Montana, like most other states, operates on the premise that county commissioners can do only what the Legislature allows. Efforts to provide more local control have not fared well in Helena. A full-fledged reform package presented in the mid-1970s was rejected and piecemeal efforts since then have only partially given counties more flexibility in dealing with local government problems.

Neu said local governments are under assault at all levels and they need to create a new declaration of interdependence.

"Real leadership starts at the grassroots, while autocracy starts at the top," he said. "Create the required change or others will impose change upon you."
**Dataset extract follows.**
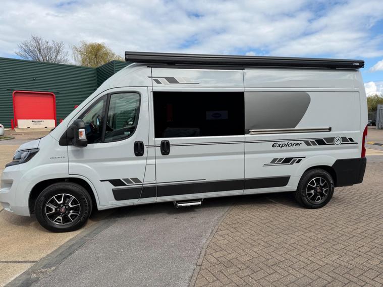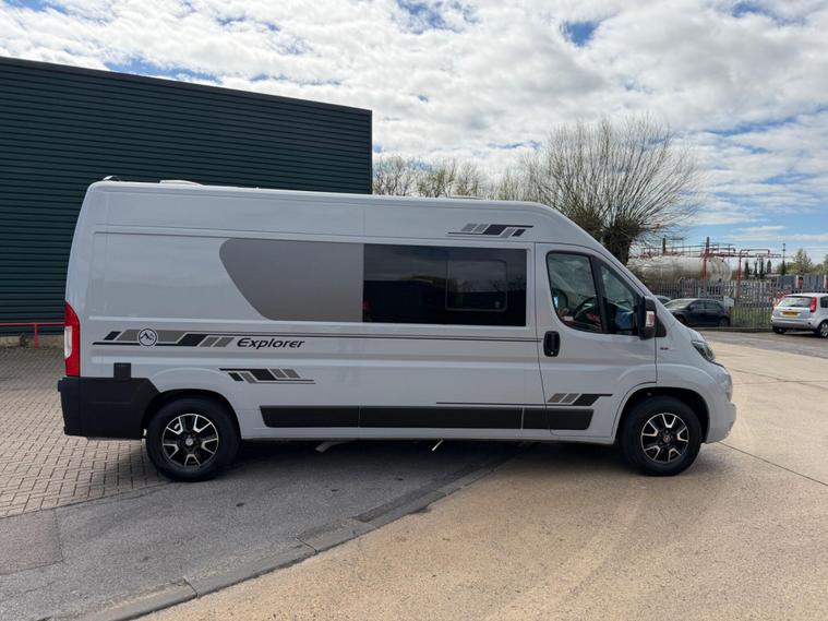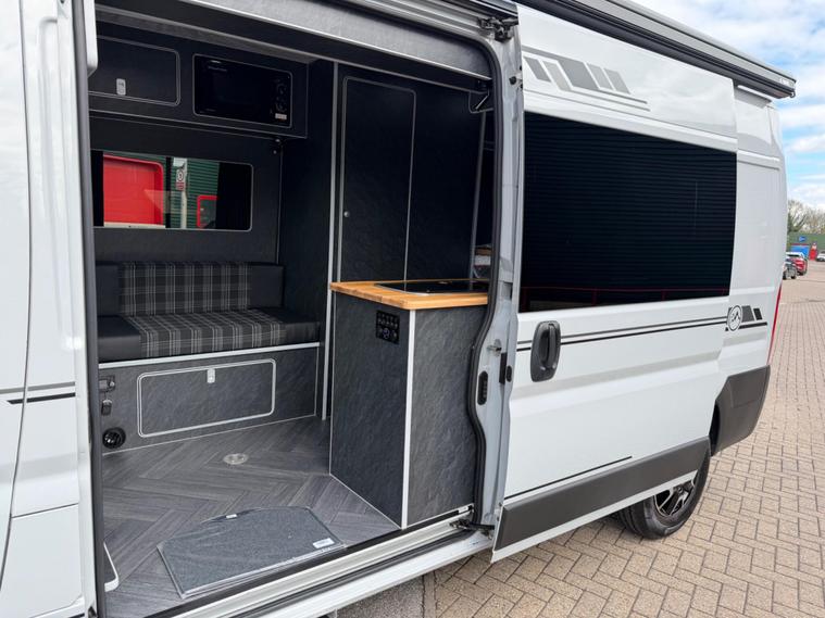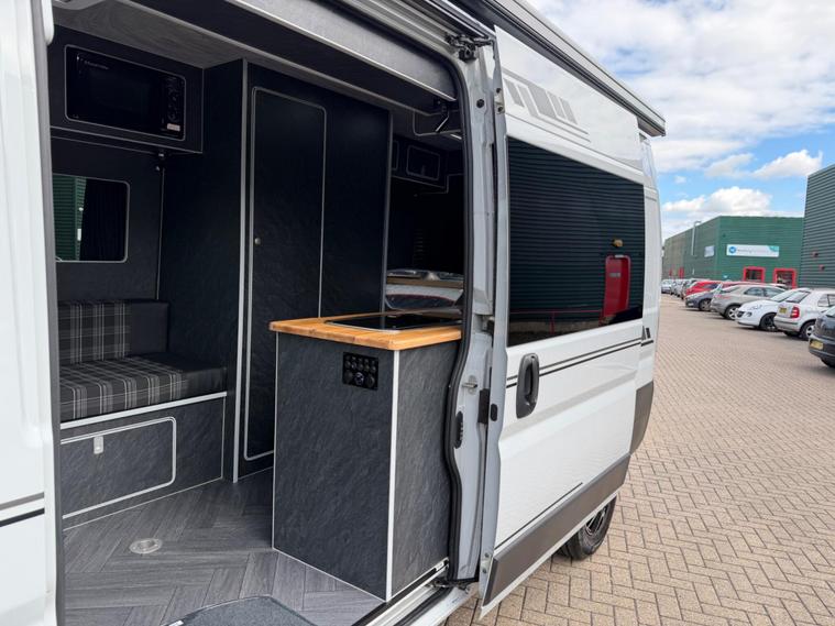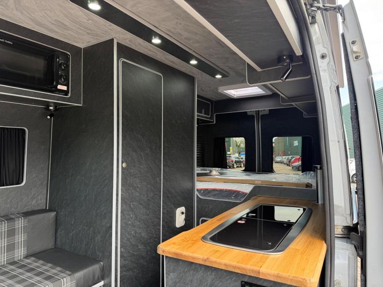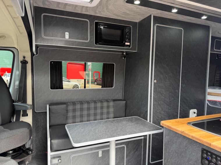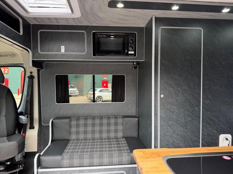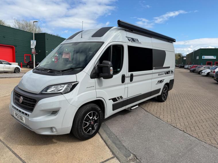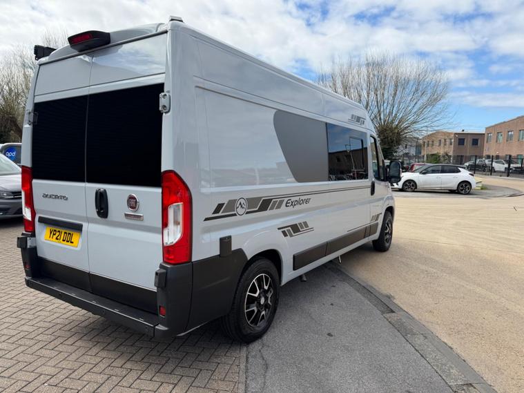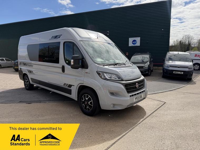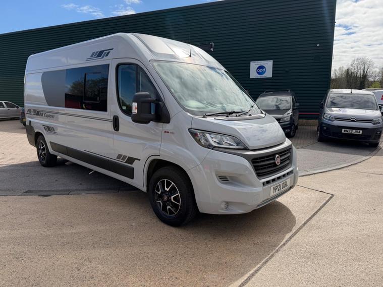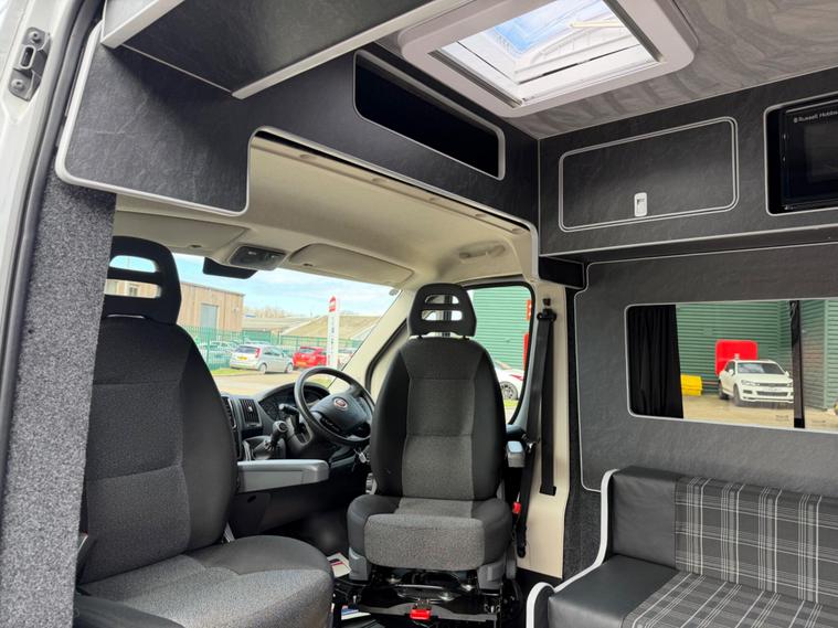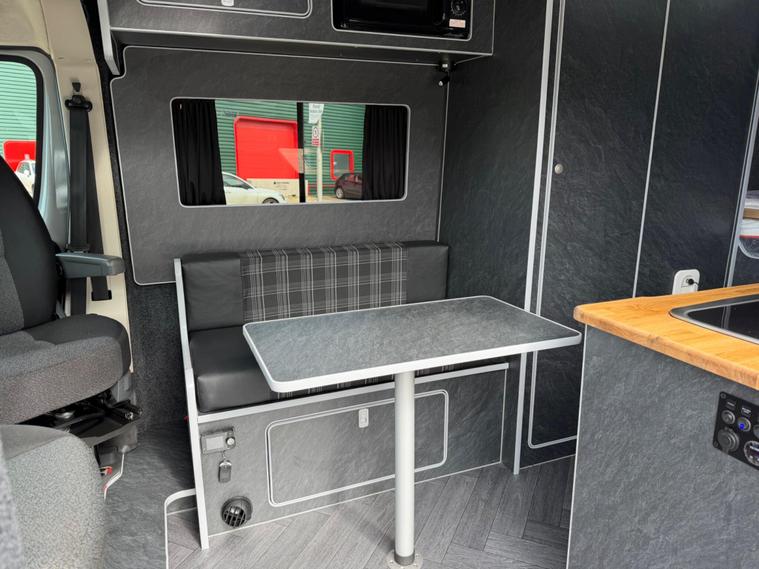2021 Fiat Ducato 2.3tdi 140bhp 6 speed manual Lwb (L3H2) van with 98k this is a one owner van in a very rare stunning light grey that comes fully loaded. The van itself runs and drives extremely well and comes with service history including just having a service and mot till April 2027. The van comes with 2 keys and is in stunning condition throughout.This has just had a brand new 2berth conversion done to a great standard with the following: insulated/carpeted, roof LED lighting, kitchen unit with Oak work top with built in sink/twin hob unit, Compressor fridge, large gas safe, fully black curtains, leisure battery with Victron split charging system, 240v hook up with Victron blue smart battery charging system, Victron linx power distributor, USB sockets, 240v sockets, Victron Solar panel system, 2x rear skylights with built in blinds, removable table, rear seating, 2x swivel seats, Thetford flush toilet, 17L microwave, diesel heating system, Thetford pull out step, full size wind out awning with LED lighting, In the rear of the van there is a Full seize 6ft / 4ft fixed rear bed with memory foam mattress.This is a stunning camper / Day van thats ready to explore. If you would prefer this as a 3 seater in the cab this is something we can do upon request you would however lose the ability to swivel the seats. This comes habitation checked to confirm it’s Gas and electric systems safe..

Neu related the experiences of Oregon county officials in their efforts to deal with resource scarcity and the competing and conflicting effects of going it alone.

He said that county, city, school district and special jurisdiction districts needed a single funding base for their shared constituencies or "all the people." He said the Oregon model calls for a systematic approach that focuses on the shared interests that overlap.

While the needs of the community in Portland are quite different than those of Pendleton, both areas of the state have common interests in how human services, public safety, community development, transportation and economic development are provided.

Local governments have to be treated as equal in the partnership of providing those services with the funding provided by the state, he said.

"There needs to be a process for educating legislators on the needs of local governments," he said.

He suggested the relationships that have to be fostered not just between counties and other local governments but citizens, legislators and their staffs, candidates for public office, nongovernmental agencies and business leaders.

"You have to frame the agenda for the Legislature for funding," he said.

Details
Today at the Montana Association of Counties Annual Midwinter Meeting:

8:30 to 9:45 a.m. Montana Attorney General Mike McGrath and John Shontz, attorney with the Montana Freedom of Information Network, will lead a workshop on open meetings and public access to public records.

11:15 a.m. to noon, Health Insurance Portability and Accountability Act.

1 to 2 p.m., Secretary of State Bob Brown and Cascade County Commissioner Peggy Beltrone will discuss Montana and the Help America Vote Act.